Multinomial Theorem Problem

[tylerc1991]

Homework Statement

What is the coefficient on $x^{12} y^{24}$ in $(x^3 + 2xy^2 + y + 3)^{18}$?

Homework Equations

Multinomial Theorem:
$\displaystyle \left( \sum_{k = 1}^m x_k \right)^n = \sum_{k_1 + \dotsb + k_m = n} \binom{n}{k_1, \dotsc, k_m} \prod_{i = 1}^m x_i^{k_i}$

The Attempt at a Solution

Using the multinomial theorem, the expansion of $(x^3 + 2xy^2 + y + 3)^{18}$ has terms of the form

$\binom{18}{k_1, k_2, k_3, k_4} (x^3)^{k_1} (2xy^2)^{k_2} (y)^{k_3} (3)^{k_4} = \binom{18}{k_1, k_2, k_3, k_4} x^{3k_1} 2^{k_2} x^{k_2} y^{2k_2} y^{k_3} 3^{k_4} = \binom{18}{k_1, k_2, k_3, k_4} x^{3k_1 + k_2} 2^{k_2} y^{2k_2 + k_3} 3^{k_4}.$

The $x^{12} y^{24}$ occurs when $3k_1 + k_2 = 12$ and $2k_2 + k_3 = 24$. We also know that $k_1 + k_2 + k_3 + k_4 = 18$. This is where I get stuck, since I have 3 equations and 4 unknowns.

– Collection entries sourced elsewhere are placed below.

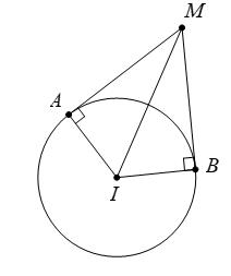 Đưa về bài toán đường tròn tiếp xúc với hai đường thẳng cắt nhau, sử dụng bài toán hình phẳng lớp 9 để tìm AB thông qua dữ kiện góc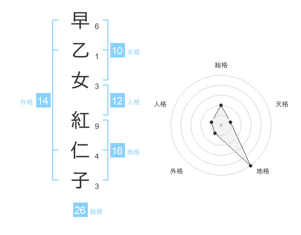 早乙女 紅仁子さんを姓名の画数から五運を鑑定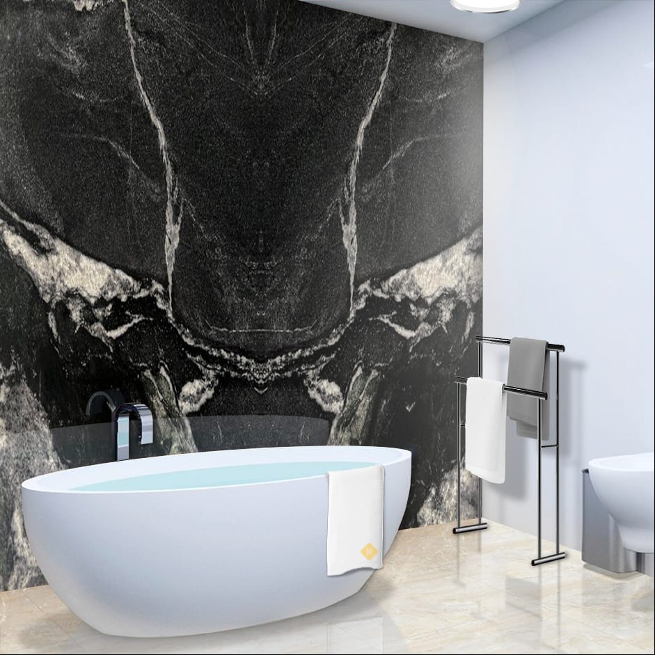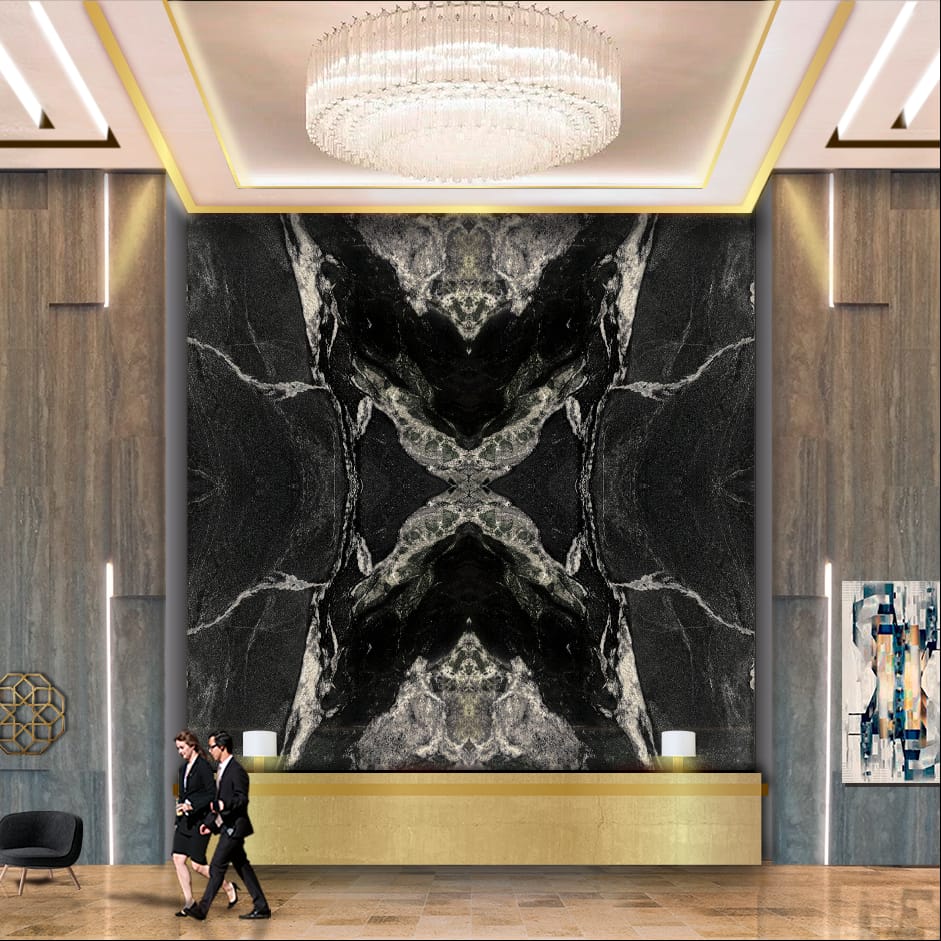 The Fusion Black Brazilian Marble is a stunning embodiment of natural luxury, featuring a dramatic black background with bold, white and gold veining that creates a mesmerizing, dynamic effect. Its intense, high-contrast beauty adds a touch of modern sophistication and high-end style to any space, perfect for those who crave a bold statement. Fusion Black infuses any setting with an aura of edgy refinement, classic charm, and enduring luxury that exudes confidence, elegance, and unparalleled grandeur, making it a true showstopper in any setting. Its unique blend of colors and patterns adds depth and character, perfect for discerning tastes.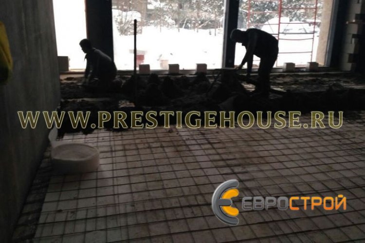 Для многих строительных компаний зима-это время затишья, но только не для наших специалистов. Один из многочисленных объектов, выполненных нашими специалистами в зимнее время, это коттедж в элитном поселке в Жуковке , что в 10 км от МКАДА по Рублево-Успенскому шоссе. Площадь заливки составила 380 квадратных метров, при толщине среднего слоя 65 миллиметров. Весь комплекс работ был выполнен за 3 дня. В ходе работ применялось следующее сырье: цемент М500, мытый песок, полипропиленовая фибра 12 мм, пластификатор, пленка полиэтиленовая, демпферная лента.
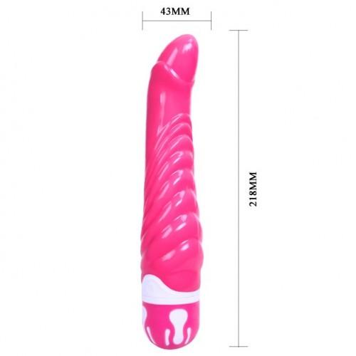 Вибратор имеет загнутую головку и выраженный рельефный рисунок по всей длине.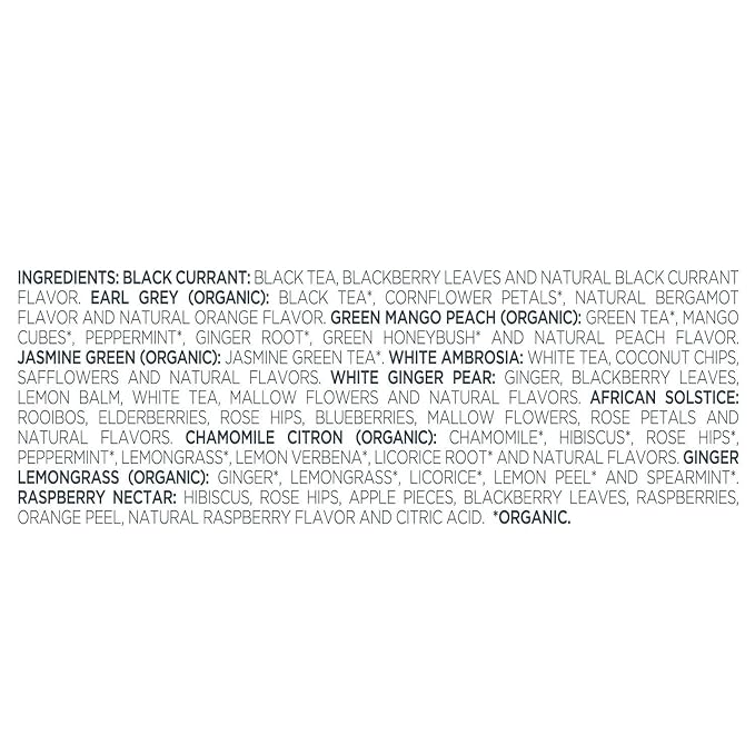 • TEA TASTING ASSORTMENT with ten varieties of our most popular flavored tea blends - African Solstice (herbal tea), Black Currant (black tea), Chamomile Citron (herbal tea), Earl Grey (black tea), Ginger Lemongrass (herbal tea), Green Mango Peach (green tea), Jasmine Green (green tea), Raspberry Nectar (herbal tea), White Ambrosia (white tea), and White Ginger Pear (white tea)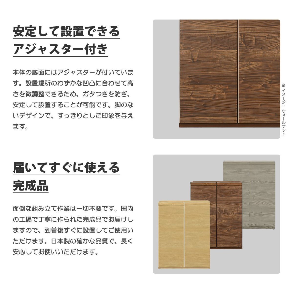 美しい木目調の本体にオーク無垢材の引手がアクセントを加えます。扉がゆっくりと静かに閉まるソフトクローズ機能や、棚板の落下を防ぐ耐震ダボを採用するなど、使いやすさと安全性に配慮しました。組み立て不要の完成品でお届けします。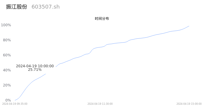 根据成交分布分析,该股票当天放量成交,成交清淡。时间上看,早盘前半小时成交量占据当天总成交量的25.71%;价格上看,成交呈现左偏峰。成交分布分析主要研究股票成交的分布特性,不具有预测功能,请知悉。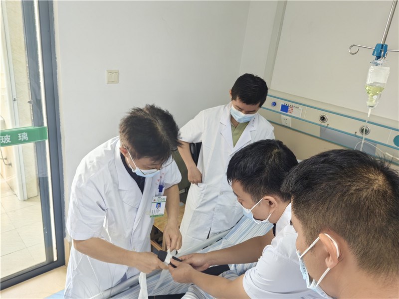 名中医段戡团队成员、中医治未病中心骨干为基层医护人员进行专科相关知识授课,普及推广中医骨伤科、中医治未病理念在基层医院应用。段戡教授持续推进杉树皮小夹板技术在骨伤科的应用,除理论知识授课外,还亲自示范小夹板操作技巧及讲解注意事项等。此外,治未病中心骨干就其团队建设经验进行了分享,段戡教授在该院骨伤科病房进行了术前、术后病例讨论查房。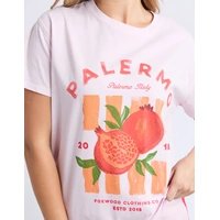 Add a fresh pop of colour with the Palermo Tee. Made from soft cotton, it features an exclusive Foxwood front print with a fun fruit-inspired design. The relaxed fit and classic round neckline make it an easy go-to for warm days and casual styling.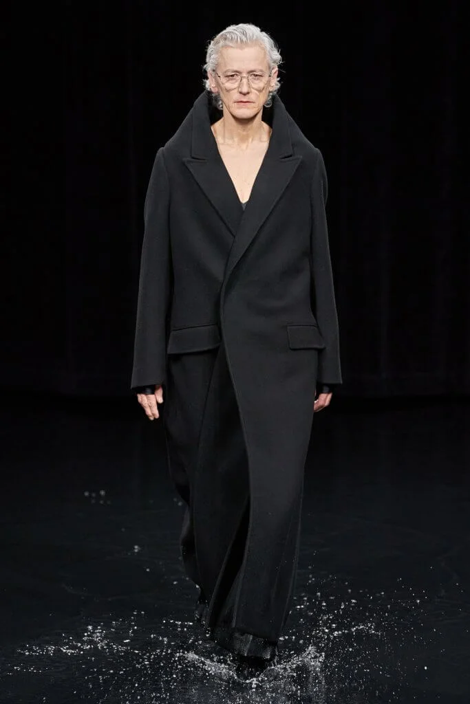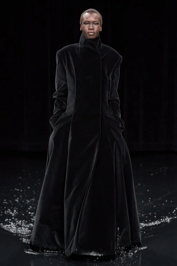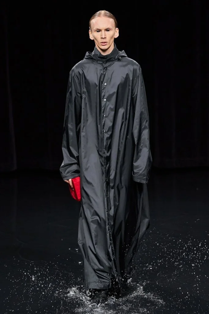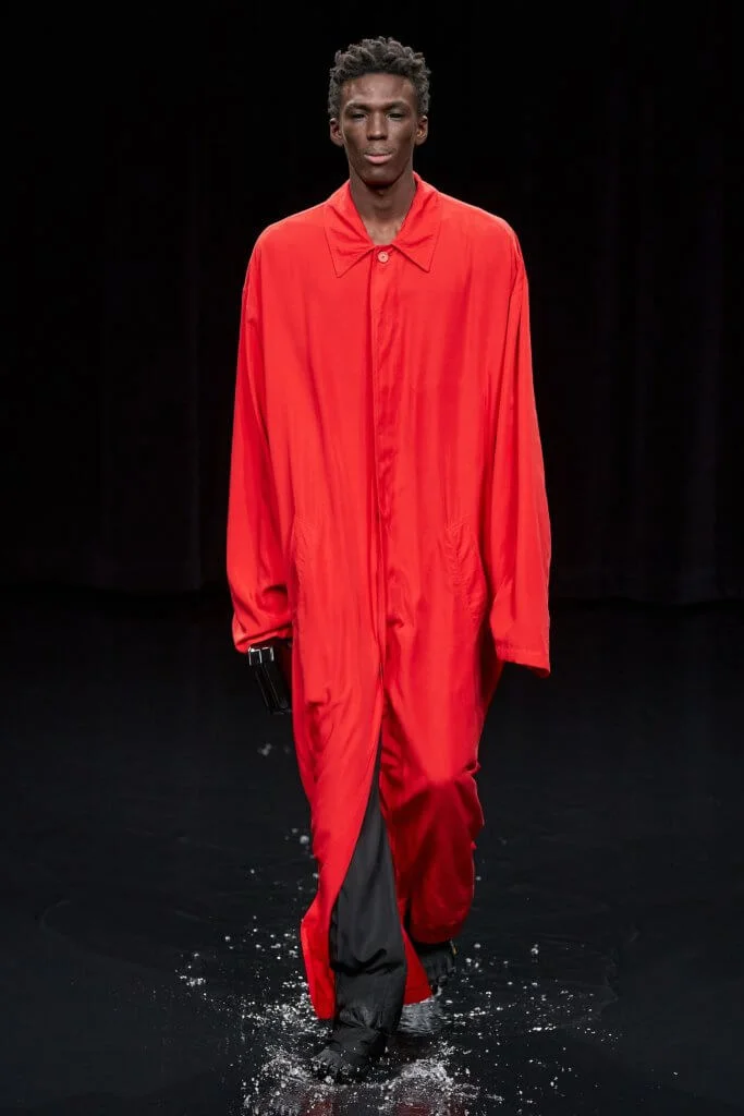 創意總監Demna Gvasalia近幾季擺脫高調的誇張,但噱頭依舊,勝在主題、佈置、配樂統統細緻起來。御用製作團隊la Mode en Images將秀場化成汪洋,前三排的座椅都被淹沒(沒有了所謂的front row),頂部的巨大屏幕伴隨著光影轉換,海洋、雷電、烏雲、晚霞、晨曦等各個場景交替出現,締造驚心動魄的視覺衝擊。整個系列仍然是Demna主打的吊詭式哥德風格,模特兒削骨般的妝容配搭方形和蠶形輪廓的服裝,在莊嚴中把剛強與力量融為一體。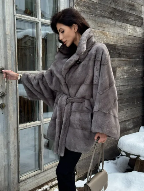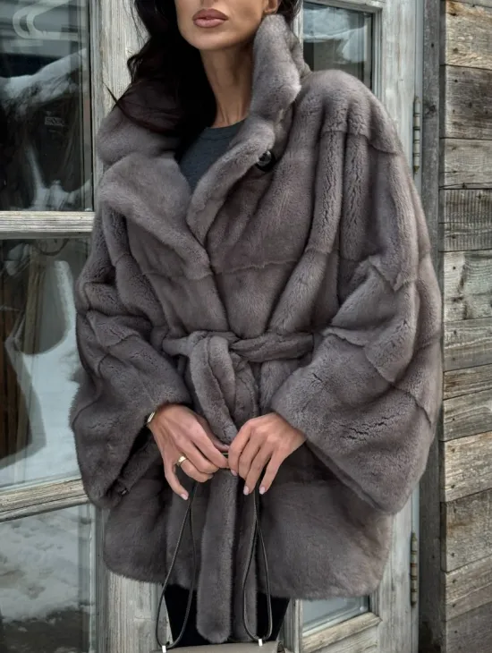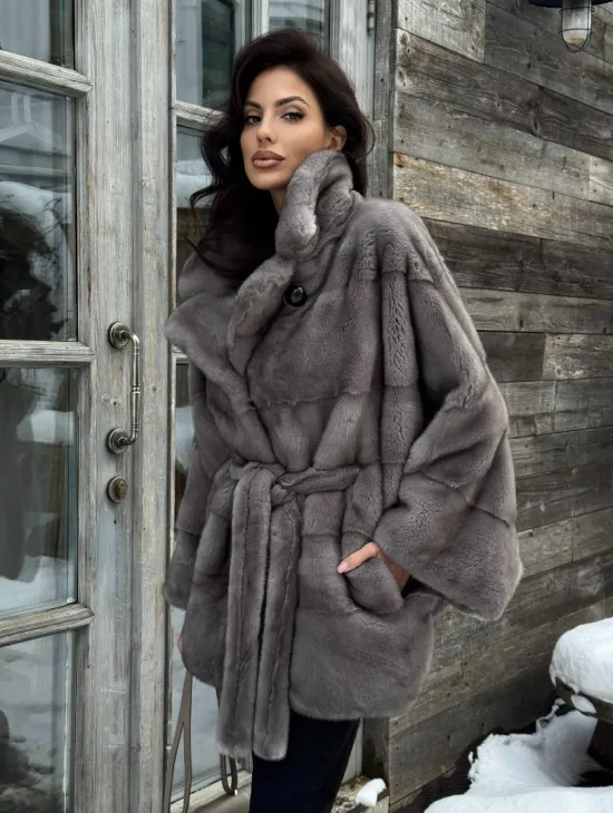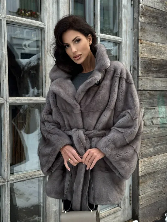 Меховое манто из норки "Летучка" с воротником из меха куницы

Is my work correct up to this point? Is there another equation that I can use to find each $k_i$? Thank you!

 

[mighty2000]

Yes, your work is correct up to this point. You are correct in saying that you have 3 equations and 4 unknowns, so you cannot solve for each k_i individually. However, you can use the fact that k_1, k_2, k_3, and k_4 are all non-negative integers to narrow down the possible values of k_i.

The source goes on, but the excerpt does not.